Окуджава почти не отступает от щеголевского сюжета – он лишь вводит в роман мятлевского друга Амирана Амилахвари, авторское альтер эго. Этот дружелюбный и милосердный автор тщится помочь герою, укрыть его в своей родной Грузии, подать совет, опровергнуть кривотолки – словом, спасти из будущего; вообще образ автора у Окуджавы – отдельная и сложная тема. В «Авросимове», как мы видели, это скорее всего сам Авросимов, глядящий на свои горести из «оттепели» Александра II; в «Свидании с Бонапартом» по-кол-линзовски сменяются три рассказчика; в «Похождениях Шипова» автор демонстративно отсутствует, а роман то и дело сбивается на пьесу – потому что истинный автор, мастер этого ремесла, граф Толстой, снисходительно проезжает в карете мимо всей этой идиотской истории; собственно, один из главных сюжетов романа – именно отсутствие Толстого, зияние, он не удостаивает Шипова даже презрением.
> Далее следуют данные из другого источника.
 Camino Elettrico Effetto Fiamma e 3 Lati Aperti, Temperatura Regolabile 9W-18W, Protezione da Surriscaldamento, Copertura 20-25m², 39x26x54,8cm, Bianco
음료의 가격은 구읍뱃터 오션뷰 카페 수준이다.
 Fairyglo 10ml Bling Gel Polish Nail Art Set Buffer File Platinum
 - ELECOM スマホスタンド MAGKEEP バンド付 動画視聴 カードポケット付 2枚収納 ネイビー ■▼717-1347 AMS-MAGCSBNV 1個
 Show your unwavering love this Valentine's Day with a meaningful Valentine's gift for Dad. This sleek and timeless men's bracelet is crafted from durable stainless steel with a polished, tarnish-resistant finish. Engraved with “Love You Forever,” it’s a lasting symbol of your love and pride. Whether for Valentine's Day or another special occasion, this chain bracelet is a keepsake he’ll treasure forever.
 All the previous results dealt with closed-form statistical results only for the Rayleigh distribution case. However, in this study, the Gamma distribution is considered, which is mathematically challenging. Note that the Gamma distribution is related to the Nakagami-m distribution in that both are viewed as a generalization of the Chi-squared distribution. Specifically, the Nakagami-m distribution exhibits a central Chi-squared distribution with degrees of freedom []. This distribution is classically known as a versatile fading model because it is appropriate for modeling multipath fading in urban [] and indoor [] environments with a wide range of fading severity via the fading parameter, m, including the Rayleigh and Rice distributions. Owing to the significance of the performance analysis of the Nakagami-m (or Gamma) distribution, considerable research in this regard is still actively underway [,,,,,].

В «Путешествии дилетантов» образ повествователя наиболее близок к реальному автору; можно сказать, что подлинный Окуджава поровну разделяет свои черты между Мятлевым и Амилахвари. Мятлев рассеян, порывист, несдержан, непрактичен – Амилахвари мудр, дальновиден, надежен. Он чуть снисходителен к своему князю и беззаветно предан ему. Сверх того, в романе присутствуют вставные главы, где слышен уже собственно авторский голос: это сцены из жизни двора, там появляется лично Николай Павлович, и именно эти главы придают камерной любовной истории поистине оркестровое звучание.
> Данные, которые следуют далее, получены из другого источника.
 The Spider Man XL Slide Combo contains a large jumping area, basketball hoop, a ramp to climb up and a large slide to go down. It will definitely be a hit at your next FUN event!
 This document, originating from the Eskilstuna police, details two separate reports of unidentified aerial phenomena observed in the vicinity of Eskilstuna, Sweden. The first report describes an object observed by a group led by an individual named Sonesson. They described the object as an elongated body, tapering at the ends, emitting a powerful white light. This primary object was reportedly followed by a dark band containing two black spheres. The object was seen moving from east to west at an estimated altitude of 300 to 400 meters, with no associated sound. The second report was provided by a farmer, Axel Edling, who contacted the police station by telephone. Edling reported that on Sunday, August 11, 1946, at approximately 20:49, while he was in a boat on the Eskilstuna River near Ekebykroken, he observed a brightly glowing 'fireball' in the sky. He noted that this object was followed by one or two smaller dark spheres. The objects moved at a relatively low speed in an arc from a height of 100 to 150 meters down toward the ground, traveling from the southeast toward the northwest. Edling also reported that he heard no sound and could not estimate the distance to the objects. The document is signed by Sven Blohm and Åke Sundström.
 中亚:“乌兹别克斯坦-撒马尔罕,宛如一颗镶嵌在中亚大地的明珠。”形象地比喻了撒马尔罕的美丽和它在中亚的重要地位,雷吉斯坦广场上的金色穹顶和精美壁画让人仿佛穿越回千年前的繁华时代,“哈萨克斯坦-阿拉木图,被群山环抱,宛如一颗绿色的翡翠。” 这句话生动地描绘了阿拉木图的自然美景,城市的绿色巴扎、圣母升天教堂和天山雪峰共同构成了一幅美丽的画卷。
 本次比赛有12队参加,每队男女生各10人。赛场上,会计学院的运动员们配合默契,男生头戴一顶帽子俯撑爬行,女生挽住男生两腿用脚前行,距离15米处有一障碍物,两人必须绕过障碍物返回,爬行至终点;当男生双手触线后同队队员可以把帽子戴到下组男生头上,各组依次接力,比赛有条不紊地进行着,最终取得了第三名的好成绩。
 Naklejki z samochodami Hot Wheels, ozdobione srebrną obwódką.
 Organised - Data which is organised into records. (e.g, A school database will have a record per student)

Николай I у Окуджавы – не злодей; да, собственно, злодеев и нет в его прозе, это один из главных ее феноменов. Детское понятие «отрицательный герой» здесь ни к кому не приложимо – разве что к Каруду или к зловредному Женькиному дядьке из «Фронта». Даже в «Авросимове» получается, что никто не виноват. Любопытно, что в «николаевских» главах акцентировано не злодейство, – здесь-то и парадокс, и подлинный писательский дар, – а именно человечность, простота, семейственность… и беспомощность… Вот Николай вспоминает «Записки» де Кюстина, злится, негодует – и опускает руки; вот пытается поймать беглецов – но весь полицейский аппарат огромной империи пасует перед случайностями, путается в собственных громоздких распоряжениях и ничего, ничего не может! Всеобщее бессилие – лейтмотив этой книги; «Господибожемой!» звучит в ней печальным рефреном, символом капитуляции перед судьбой (впервые этот рефрен выпевает Александрина, недолгая возлюбленная Мятлева, бежавшая с доктором). Бессильна империя, занятая сплошным и бесперспективным подавлением человеческого – а не чем-нибудь полезным и созидательным; бессильна Мария Амилахвари, пытающаяся дать путникам приют и не сумевшая защитить их; бессилен служака фон Мюфлинг, отлично понимающий абсурдность и жестокость своей задачи, однако продолжающий ловить несчастных беглецов, куда бы они ни кинулись… Сильна и победительна среди всего этого потакания своим и чужим слабостям только Лавиния, носительница волевого и творческого начала, заставившая в конце концов Мятлева похитить ее и увезти. Именно ее монолог становится эмоциональной кульминацией и квинтэссенцией смысла всего романа:

«– Пан твердит, что он два месяца ищет нас по России! – крикнула она, подбоченившись. – А не свихнулся ли пан поручик, часом? Каждый считает своим долгом, холера, заботиться о нашей нравственности! Каждый, проше пана, сует свой нос не в свое дело! Они думают, пся крев, что их вонючий мундир дает им право… Он еще смеет, холера, приглашать в свою грязную канцелярию! Матка бозка, сколько унижений!.. Или мы кого-нибудь убили?.. Давай, давай свои наручники! Вели своему плюгавому холопу стрелять!.. Два месяца, пся крев, они без нас жить не могут! Скажите, пожалуйста, какие нежности, холера!.. Не плачь, коханый, пусть-ка попробуют к тебе прикоснуться, пусть только посмеют!.. Где-то я уже видела эту лисью морду!.. Пусть только посмеют!..»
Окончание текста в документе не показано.